Cindi weighs and measures him. 8 pounds, 7 ounces. My mom just wants to hold and hold Auggie. It’s so sweet. Brian feeds me my stuffed peppers as Auggie nurses.
Annette and Sarah are there, popping in only when necessary. Helping Auggie stay warm, cleaning me up, checking our vitals. Annette got me in the shower. That was amazing! They did all the laundry, we used a lot of towels.
All three of them were like that, just there when we needed them. When you witness the synergy of a good team, it’s truly moving. They all knew what to do when without a lot of direction. And that’s really it. They left and our family was a little bit bigger.

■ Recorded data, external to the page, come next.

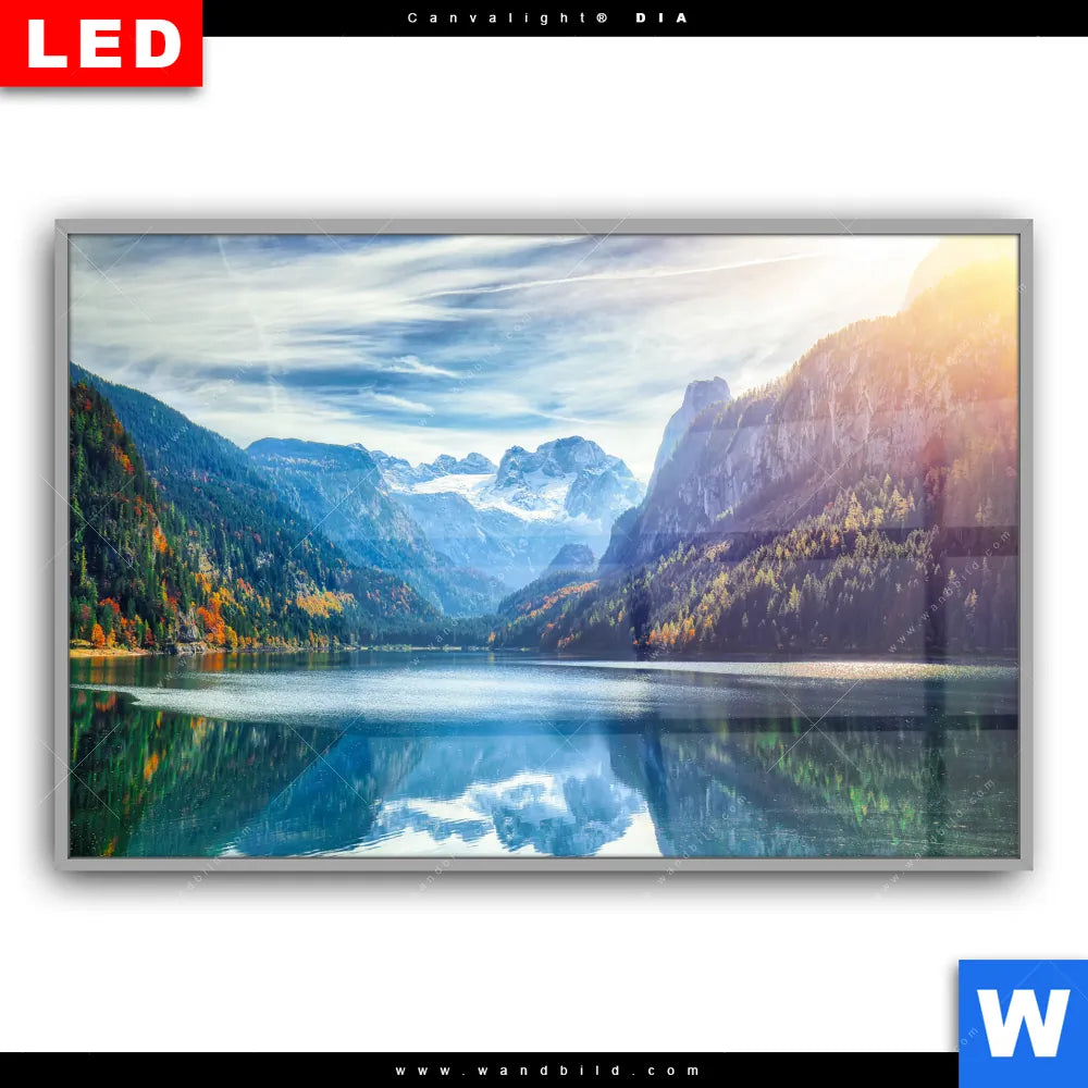 Canvalight® DIA Leuchtbild | Idyllischer Bergsee im Gebirge | Querformat
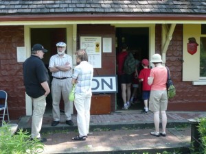 In the picture at left, we see visitors enjoying the displays at Don Station at Todmorden Mills on Canada Day. This is the third year that the TRHA has interpreted the station at Todmorden on July 1. In the middle picture, TRHA President Orin Krivel engages with some of the many visitors who came to visit Don Station.
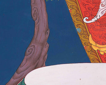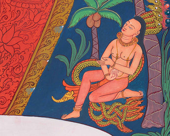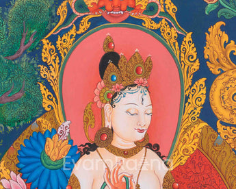 The Handpainted Goddess White Tara Thangka is a masterpiece of divine artistry, capturing the compassionate essence of the revered deity White Tara in exquisite detail. With each stroke of the brush, the image of White Tara comes to life on the canvas, radiating with serenity, grace, and healing energy. Adorned with vibrant colors and intricate patterns, the Thangka depicts White Tara in her resplendent form, seated gracefully on a lotus throne, with one hand extended in a gesture of granting blessings and the other holding a blooming lotus flower symbolizing purity and enlightenment. Her gentle countenance exudes compassion and wisdom, offering solace and guidance to all who gaze upon her sacred image. Devotees of White Tara turn to this Handpainted Thangka as a source of inspiration, empowerment, and spiritual nourishment, seeking her divine blessings for healing, longevity, and enlightenment on their journey towards awakening. As a symbol of divine grace and compassion, the Handpainted Goddess White Tara Thangka serves as a powerful reminder of the inherent potential for inner transformation and liberation within all beings.
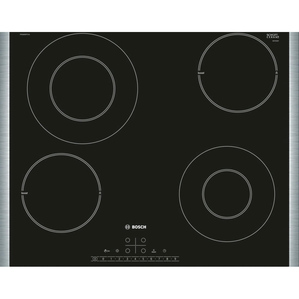 Важным преимуществом нагревательных элементов типа Hi-Light является низкая инерционность — конфорка будет практически без промедления реагировать на регулировку мощности. Для нагрева требуется в среднем не более 5-6 секунд, что значительно экономит время приготовления. Кроме этого, панель Бош PKG645FP1G оснащена функцией PowerBoost, позволяющая существенно увеличить подачу мощности на одну из конфорок за счёт других. Такой режим доступен лишь на короткое время, но он очень удобен в экстренных случаях.
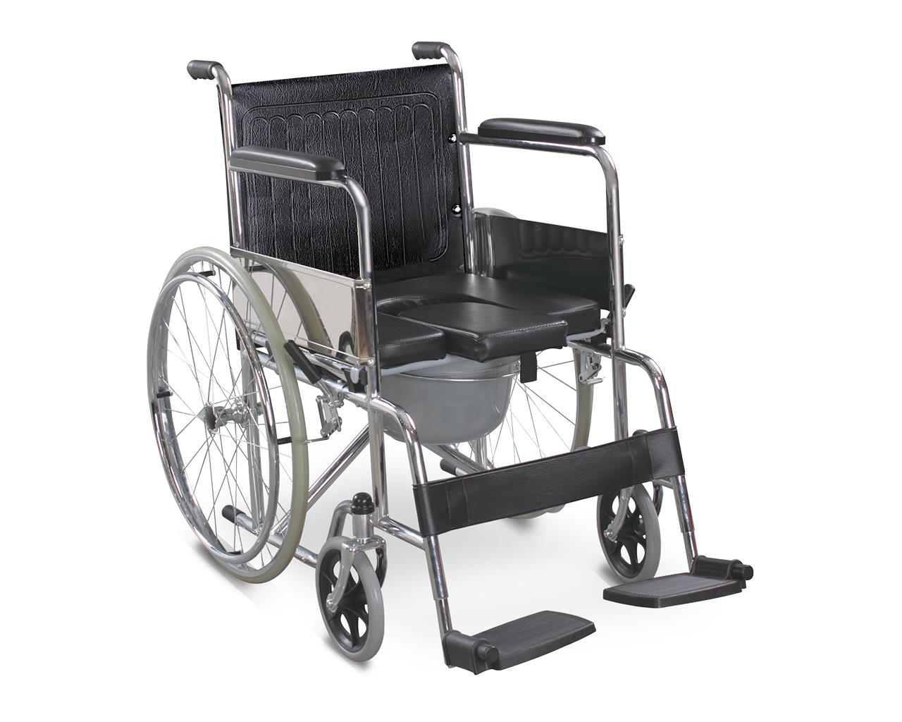 Sedia a rotelle e comoda con struttura in acciaio cromato, ideale per pazienti con mobilità ridotta. Braccioli e poggiapiedi fissi, rotelle solide e ruote posteriori robuste.
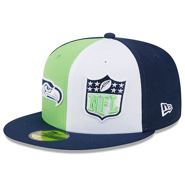 Casquette ajustée 59FIFTY Sideline Seattle Seahawks 2023 New Era pour homme, vert fluo/bleu marine College
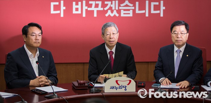 (서울=포커스뉴스) 김희옥 새누리당 혁신위원장이 23일 오전 서울 여의도 새누리당 당사에서 열린 혁신비상대책위원회 회의에서 모두발언 하고 있다. 왼쪽부터 정진석 원내대표, 김 위원장, 김광림 정책위의장
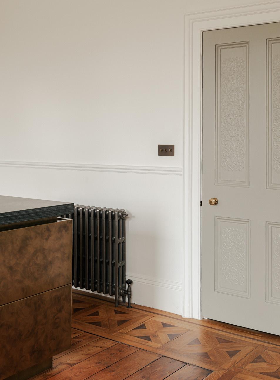 A local joiner was employed to restore the original floor boards and parquet which were in a poor state of repair. New doors were purpose made to exactly match the moulding details left on the few remaining original doors. In turn these original doors were stripped back to reveal the intricate detailing.
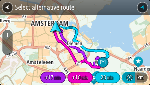 Harita görünümünde üç adede kadar alternatif rotalar gösterilir. Her bir alternatif rota, bir balon içinde seyahat süresindeki farklılıkları gösterir.
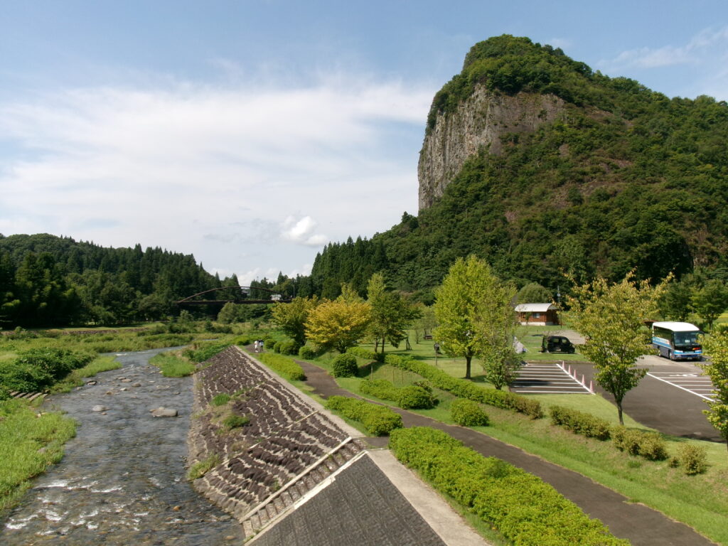 2005年に三条市と合併する前は南蒲原郡下田村と言われ、そこにそそりたつ岩壁の『八木が鼻(やぎがはな)』は猛禽類の『はやぶさ』の生息地として知られています。高さ200m以上の石英粗面岩(セキエイソメンガン)の下には一級河川・五十嵐川(いがらしがわ)が流れ、八木が鼻に向かってくる道中では美しい渓谷を見せてくれます。また、オートキャンプ場もあるのでテントを張っている家族もいたようですね。
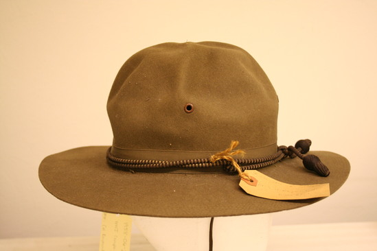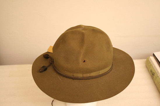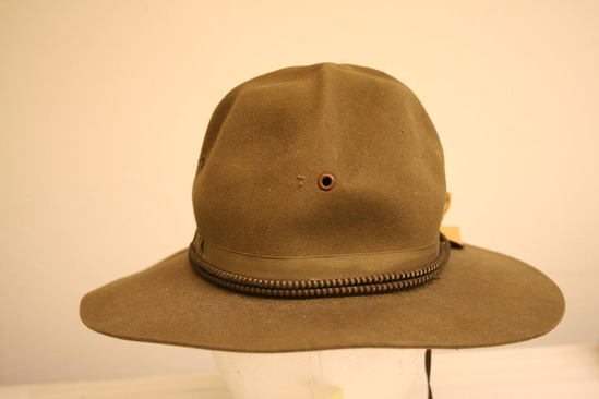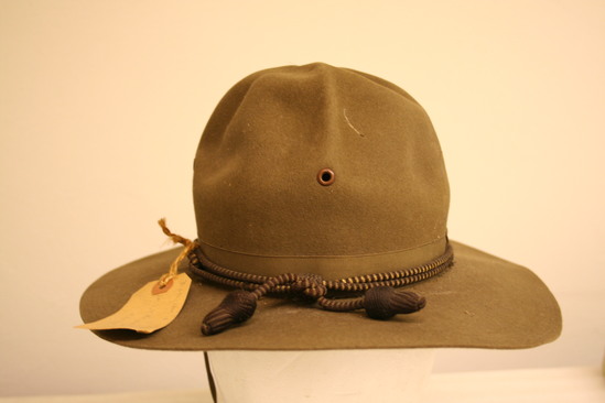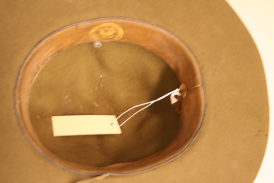 World War I era campaign hat. Olive green/brown felt hat with tall rounded crown and 3" wide flat brim all the way around; green grosgrain ribbon wrapped around base of crown as well as two black and gold striped cords; knotted in back with covered toggles at ends of chord; no lining on inside, but brown leather band; a thin green ribbon attached to middle of sides - broken off on one side; on band in gold "Brooks Brothers Madison Ave. Cor. 44th St. N.Y." and stamped on band "John B. Stetson No. 1 Quality."

I have a hard time describing the birth the way people want to hear. They are disappointed. It’s a boring story. I end up saying, “we watched Caddyshack, I pushed, he was born.” Did it hurt? “Nothing I couldn’t handle.” Then I say my excuse, “my back is shot, so I’m used to a lot of pain.”
I don’t really want to make that excuse anymore. It was non-eventful. That’s what you want for your birth! Hooray for my boring story! Yay!
I was diligently cared for by my husband for most of my labor. We talked all day long, about so many things. We did this before kids but we never truly cherished those moments like we did as I laid on that couch, laboring through the day. We love our quiet snippets of time together and that day we got hours. In a row. Of peace and conversation.
My midwife came for the last hour and a half. She was wonderfully hands-off, allowing our beautiful experience to truly be ours. We did not need her until she was there. A truly synergistic experience.
The birth of August James Burger was more about me than him. I’m not embarrassed of that. It filled me with enough strength to care for my two sons with grace and humility. It humbled me to labor as my Mamaw did in that ramshackle place down the river from the Gulf that feeds the bay, that feeds those pelicans I looked out that morning. Brian even drew me an axe and put it under our couch.